This resulted in the formation of Irish Confederacy, based at Kilkenny; by the end of 1642, it controlled two-thirds of Ireland, including the ports of Waterford and Wexford, through which they could receive aid from Catholic powers in Europe. While supported by most Irish Catholics, especially the clergy, many co-religionists among the upper classes were Royalists by inclination, who feared losing their own lands if the plantation settlements were overturned. Some fought against the Confederation; others like Clanricarde, stayed neutral.

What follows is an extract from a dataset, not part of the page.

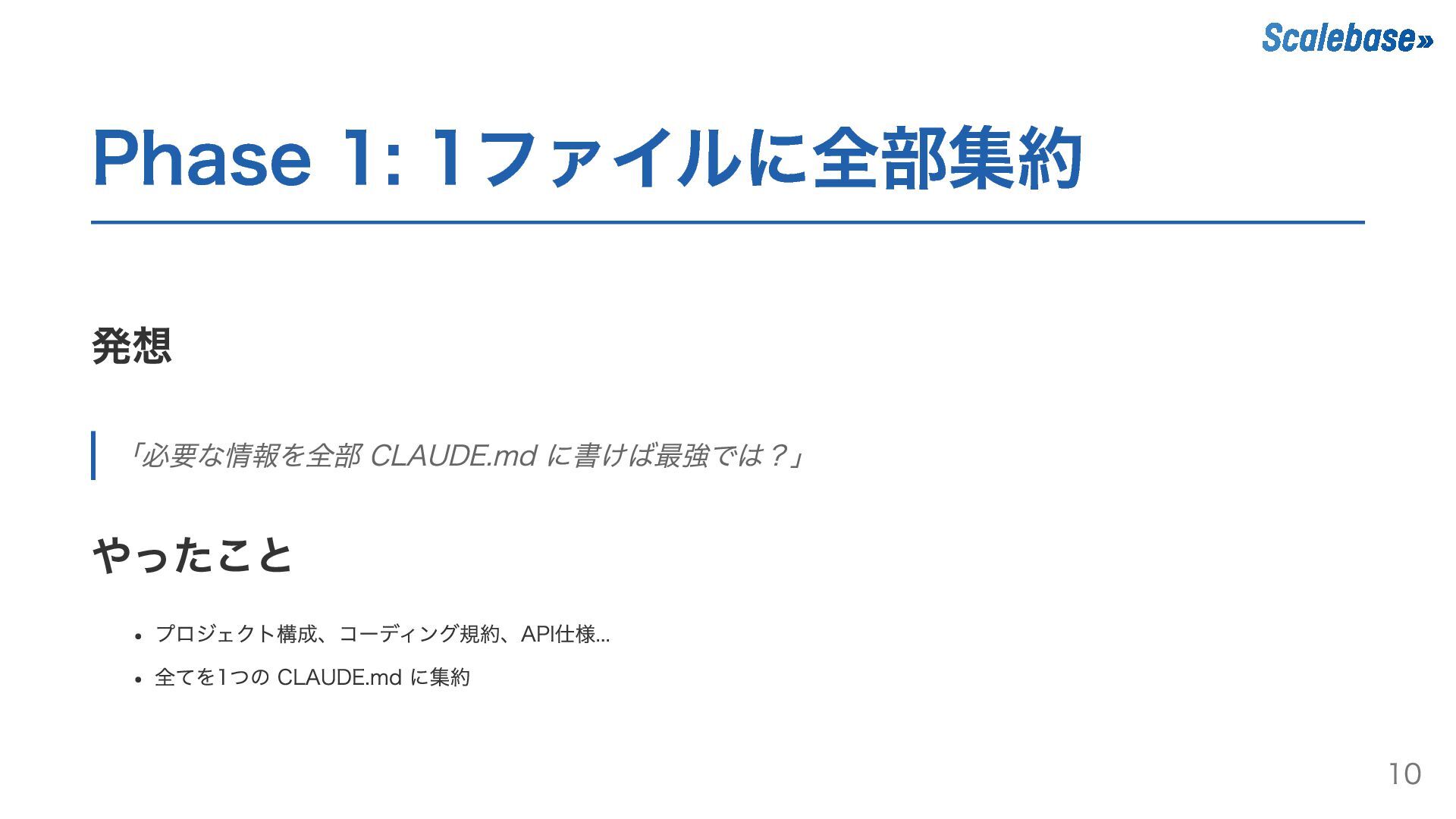 Phase 1: 1ファイルに全部集約 発想 「必要な情報を全部 CLAUDE.md に書けば最強では?」 やったこと プロジェクト構成、コーディング規約、API仕様... 全てを1つの

Forces initially available to the Confederacy were primarily militia and private levies, commanded by aristocratic amateurs like Lord Mountgarret. These suffered a series of defeats, including Liscarroll, Kilrush, New Ross and Glenmaquinn, but the outbreak of the English Civil War in mid-1642 led to the recall of many English troops. This allowed Garret Barry, a returned Irish mercenary soldier, to capture Limerick in 1642, while the English garrison in Galway was forced to surrender by the townspeople in 1643.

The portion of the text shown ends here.